I am responding to the article ‘Oxford must improve its approach to mental health’ [28th November].
I am someone with a central diagnosis of borderline personality disorder, which is arguably the most difficult to treat of all mental disorders. I can empathise with the author’s frustration at the mental health services provided by the NHS. My frustration, however, is a direct consequence of under-funding and is not directed at the doctors providing my care.
The author of the article relays a disheartening experience at the Jericho Health Centre, for which I was sorry to read. The Jericho Health Centre, specifically Dr. Leaver, oversees my care with a consultant psychiatrist, Dr. Merson. I owe my life to the care of Dr. Leaver, who took on my case following seven suicide attempts around a year and a half ago (not that I recommend waiting until such events to talk to a medical professional). Both Dr. Leaver and Dr. Merson have supported me and informed me in making my own decisions about my treatment. And I have flourished under their care. Moreover, I have found that Dr. Leaver’s Practice is integrated with my college (St. Anne’s) such that I have never experienced problems with requesting and obtaining extensions for my course.

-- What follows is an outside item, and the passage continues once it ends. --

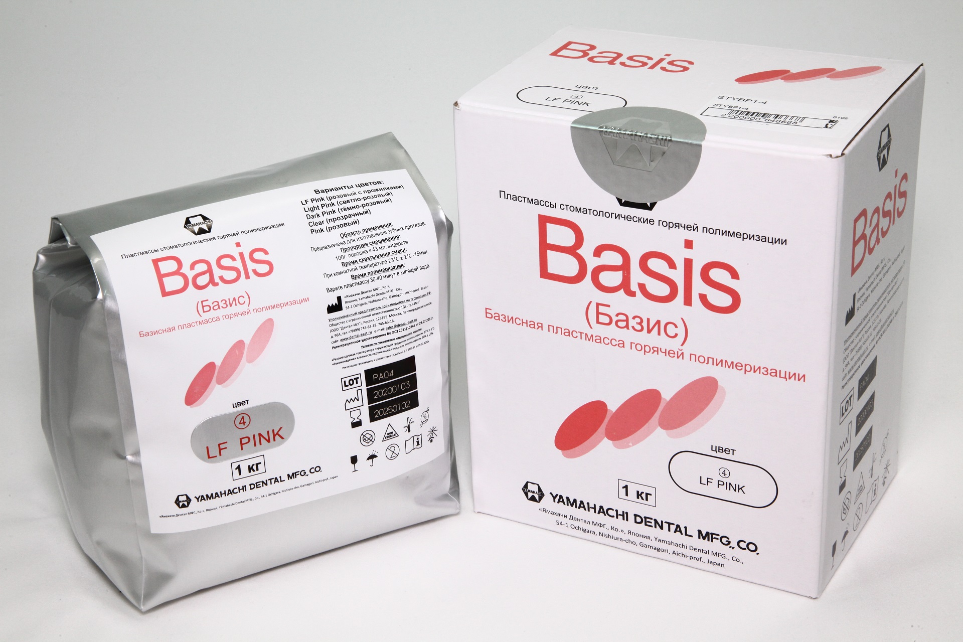 Пластмасса Basis горячей полимеризации, порошок 1кг, цвет LF Pink ( розовый с прожилками) YAMAHACHI

I write this to you to encourage students facing mental health problems, whether diagnosed or not diagnosed, to see a medical professional. It saved my life. It is my opinion that the article to which I am responding will actively discourage students from accessing NHS services. The NHS is underfunded, especially compared to other developed countries like Canada, but in my experience the people working in the NHS here in Oxford are exceptional. I was a carer growing up and as such I co-ordinated the mental health care for a parent over a decade. I have met with over 15 medical professionals and none of them are as good as my GP or my psychiatrist in Oxford.
Finally, I am aware that Dr Leaver’s Practice both gives talks to incoming students explaining how to access services and collaborates with the Student Mind Ripple Campaign. This work is not funded by the NHS. These GPs go over and above what anyone would ask of them.